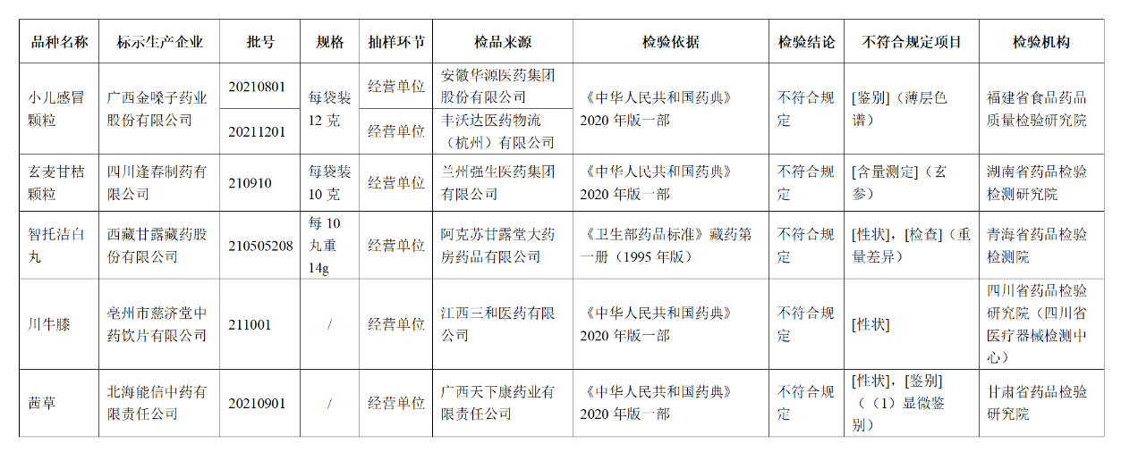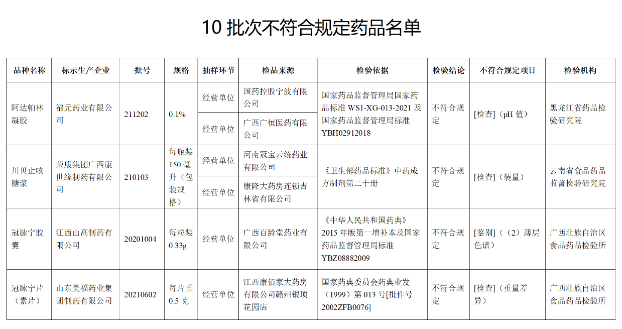 這些藥品包括:標(biāo)示為廣西金嗓子藥業(yè)股份有限公司生產(chǎn)的2批次小兒感冒顆粒不符合規(guī)定,不符合規(guī)定項目為鑒別;標(biāo)示為福元藥業(yè)有限公司生產(chǎn)的1批次阿達(dá)帕林凝膠不符合規(guī)定,不符合規(guī)定項目為pH值;標(biāo)示為榮康集團廣西康世緣制藥有限公司生產(chǎn)的1批次川貝止咳糖漿不符合規(guī)定,不符合規(guī)定項目為裝量等。
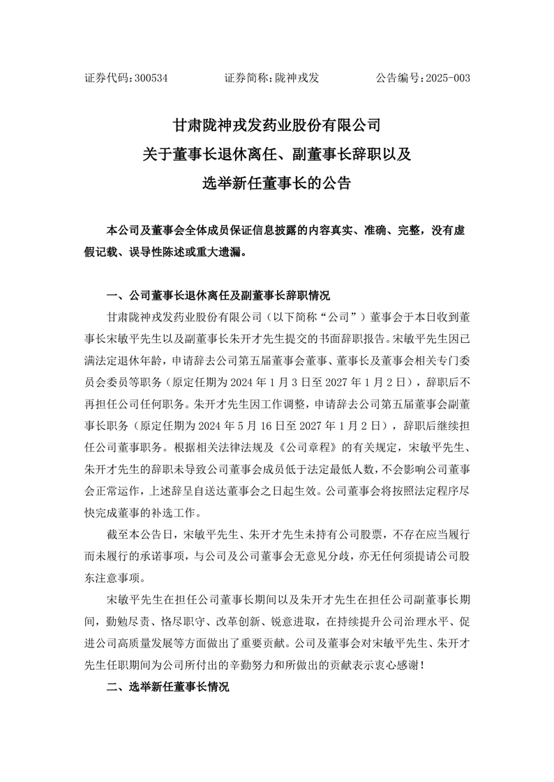 關于董事長退休離任、副董事長辭職以及選舉新任董事長的公告
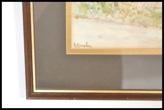 Albert Kinsley R.I, R.C.A (b. 1852)- A pair of framed and glazed watercolours one entitled 'On the cornish coast' and another having a winter scene and village to background. Both signed A.Kinsley, having Royal institute of painters in water colours black label to verso. Measures 39cms x 30cms.
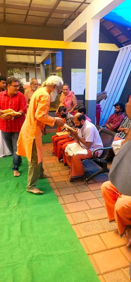 Guruji Avadhootha Nadanandaji, after the successful completion of Phase 1 treatment, endeavors to offer His Gratitude and Joy in the form of Gurudakshina & a traditional Sadya (Feast) to the Doctors, Attendants, inmates and other guests of Itoozhi Illam Ayurveda Foundation Trust today. Some of the curious minded enquired the purposeof this gesture in a genuine quest for clarity. The following points are for a better understanding of the Noble act of Guruji.
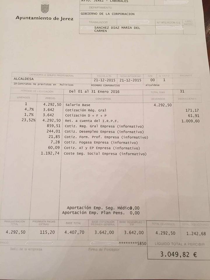 ¿Cuánto cobra la alcaldesa de Jerez? La duda la ha resuelto ella misma publicando en redes sociales la primera nómina que ha cobrado del Ayuntamiento desde que lo dirige, allá por junio del año pasado. Hasta diciembre estuvo como diputada en el Congreso, por lo que el primer sueldo que ha percibido de las arcas municipales, el del mes de enero, es de 3.049,82 euros netos, 4.292,50 euros brutos.

__What is needed__
Set down the material again exactly. Don't carry over any pictures.

__Answer section__
 這些藥品包括:標(biāo)示為廣西金嗓子藥業(yè)股份有限公司生產(chǎn)的2批次小兒感冒顆粒不符合規(guī)定,不符合規(guī)定項目為鑒別;標(biāo)示為福元藥業(yè)有限公司生產(chǎn)的1批次阿達(dá)帕林凝膠不符合規(guī)定,不符合規(guī)定項目為pH值;標(biāo)示為榮康集團廣西康世緣制藥有限公司生產(chǎn)的1批次川貝止咳糖漿不符合規(guī)定,不符合規(guī)定項目為裝量等。
 關于董事長退休離任、副董事長辭職以及選舉新任董事長的公告
 Albert Kinsley R.I, R.C.A (b. 1852)- A pair of framed and glazed watercolours one entitled 'On the cornish coast' and another having a winter scene and village to background. Both signed A.Kinsley, having Royal institute of painters in water colours black label to verso. Measures 39cms x 30cms.
 Guruji Avadhootha Nadanandaji, after the successful completion of Phase 1 treatment, endeavors to offer His Gratitude and Joy in the form of Gurudakshina & a traditional Sadya (Feast) to the Doctors, Attendants, inmates and other guests of Itoozhi Illam Ayurveda Foundation Trust today. Some of the curious minded enquired the purposeof this gesture in a genuine quest for clarity. The following points are for a better understanding of the Noble act of Guruji.
 ¿Cuánto cobra la alcaldesa de Jerez? La duda la ha resuelto ella misma publicando en redes sociales la primera nómina que ha cobrado del Ayuntamiento desde que lo dirige, allá por junio del año pasado. Hasta diciembre estuvo como diputada en el Congreso, por lo que el primer sueldo que ha percibido de las arcas municipales, el del mes de enero, es de 3.049,82 euros netos, 4.292,50 euros brutos.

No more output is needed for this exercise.